5.2.2. Physical/Chemical Methods for the Instantaneous Opening of the BBB

Focused Ultrasound Combined with Microbubbles
The BBB can be reversibly opened locally using ultrasound-mediated microbubble oscillations (focused ultrasound combined with microbubbles.) Clinical trials of opening the BBB in multifocal brain regions have shown that the treatment procedure did not cause serious adverse effects. Preliminary studies in AD patients confirmed the safety of the treatment by monitoring physiologic indices (e.g., EEG and hemodynamic parameters) [180]. Ultrasound-mediated BBB opening enhances the delivery efficiency of other therapies (e.g., anti-Aβ antibodies and neurotrophic factors). For example, microbubble-enhanced FUS successfully delivered anti-Aβ antibodies non-invasively into the brains of AD mice without increased toxicity [181]. Similar strategies may improve drug efficacy and reduce dose-related side effects in clinical trials [182].
The focused ultrasound combined with microbubbles (FUS + MBs) technique offers an innovative solution for transient BBB opening, yet its clinical application faces multiple challenges. Regarding safety, studies demonstrate that ultrasound parameters and microbubble characteristics may induce sterile inflammatory responses, manifested by the upregulation of pro-inflammatory cytokines such as IL-1β, indicating the need for precise parameter optimization to balance BBB opening efficacy with immune activation risks [183,184]. While MRI-guided FUS systems have achieved millimeter-scale targeting precision [185,186], skull attenuation effects and individual anatomical variations may still compromise targeting efficiency, prompting researchers to develop improved solutions like bimodal ultrasound arrays and perfluoropropane-loaded microbubbles [187,188]. For clinical translation, although preliminary trials have confirmed the short-term safety of this technique in neurodegenerative diseases and brain tumor patients [189,190], further validation is still required for long-term repeated treatment safety thresholds, standardized parameter determination, and synergistic effects with systemic therapies [191,192]. Moreover, the sensitivity limitations of current real-time monitoring techniques like indocyanine green methods highlight the necessity to develop more accurate BBB status assessment approaches [193].
Mannitol Shrinks Endothelial Cells
Mannitol, as a non-metabolizable hypertonic substance, induces the migration of water molecules from the cell to the outside by increasing the osmotic pressure of the extracellular fluid, resulting in the dehydration and contraction of ECs. This volume change directly affects the mechanical stability of intercellular junctions [194,195]. For this reason, mannitol is widely used in neurosurgery to open BBB, temporarily relaxing tight junctions through the osmotic gradient between vascular ECs, thereby allowing the passage of macromolecular drugs [195,196]. Unlike glucose, mannitol is not metabolized by cells and therefore maintains a more persistent osmotic pressure difference [197,198]
Mannitol-induced BBB opening through endothelial cell contraction for enhanced drug delivery faces several critical challenges. The non-specific osmotic effects may expose healthy brain tissue to potential toxins, while a lack of spatial precision increases off-target risks [191,199]. Chronic or high-dose administration can cause neuronal/astrocytic damage and systemic complications like electrolyte imbalances, adversely affecting postoperative recovery and neural stem cell function [200]. Clinical application remains controversial regarding optimal dosing and safety monitoring, with unresolved debates about its efficacy compared to hypertonic saline in posterior fossa surgery [201]. Traditional administration methods (e.g., intra-arterial infusion) carry risks of visual impairment and cerebral swelling, requiring rigorous fluid management [201]. Furthermore, the transient BBB opening limits therapeutic time windows, and synergistic mechanisms with complementary approaches (e.g., focused ultrasound or nanocarriers) need further investigation [201]. These limitations underscore the urgent need for more precise BBB modulation technologies and personalized treatment protocols.
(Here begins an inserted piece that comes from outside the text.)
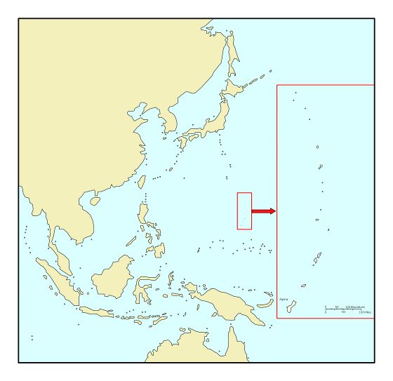 Марианские острова - большая карта расположения. Где находятся Марианские острова на карте. Большая карта расположения Марианских островов.

5.3. Cell Therapy and Gene Editing

5.3.1. Transplantation of Endothelial Progenitor Cells (EPCs)

In recent years, endothelial progenitor cells (EPCs) have become a research hotspot in the treatment of ischemic brain injury due to their powerful vascular repair ability. Studies have shown that EPCs can not only differentiate directly into mature ECs but also regulate the neurovascular microenvironment by secreting various active factors, thus promoting brain tissue repair [202].
EPCs are directly involved in the formation of new blood vessels through the secretion of growth factors (e.g., vascular endothelial growth factor (VEGF)) and regulate the activity of the peripheral cells through paracrine signaling to promote endothelial maturation and vascular repair [203]. In a mouse model of middle cerebral artery occlusion (MCAO), the transplantation of EPCs significantly reduced cerebral infarct volume and improved neurological function scores (e.g., the mNSS score) [202,204]. This effect was closely related to the promotion of neovascularization and the inhibition of the inflammatory response by EPCs [202,205]. The restoration of blood flow and improved neuronal survival in the infarcted area were observed by intravenous or intracerebral injection of EPCs or their derivatives (e.g., exosomes) [204,206].
EPC transplantation for ischemic brain injury faces several critical challenges. The therapeutic potential is significantly limited by poor homing efficiency, inadequate migration capacity, and low survival rates of transplanted EPCs, which are closely associated with their functional integration in the ischemic microenvironment [8,207,208,209]. While carotid artery delivery improves cerebral distribution [210], insufficient targeting specificity and BBB penetration remain major obstacles. Clinically, low cell yield, functional decline during expansion, and standardization issues in large-scale production hinder widespread application [209,211]. The angiogenic capacity of transplanted EPCs is further compromised by inflammatory and oxidative stress in the ischemic niche [202,212]. Although synthetic mRNA engineering or combination therapies (e.g., tanshinone IIA) show promise in enhancing EPC function [208,213], their long-term safety and stability require further validation. Current research focuses on optimizing delivery routes, improving cell survival, and developing functionally enhanced EPC subpopulations to increase treatment precision [207,209].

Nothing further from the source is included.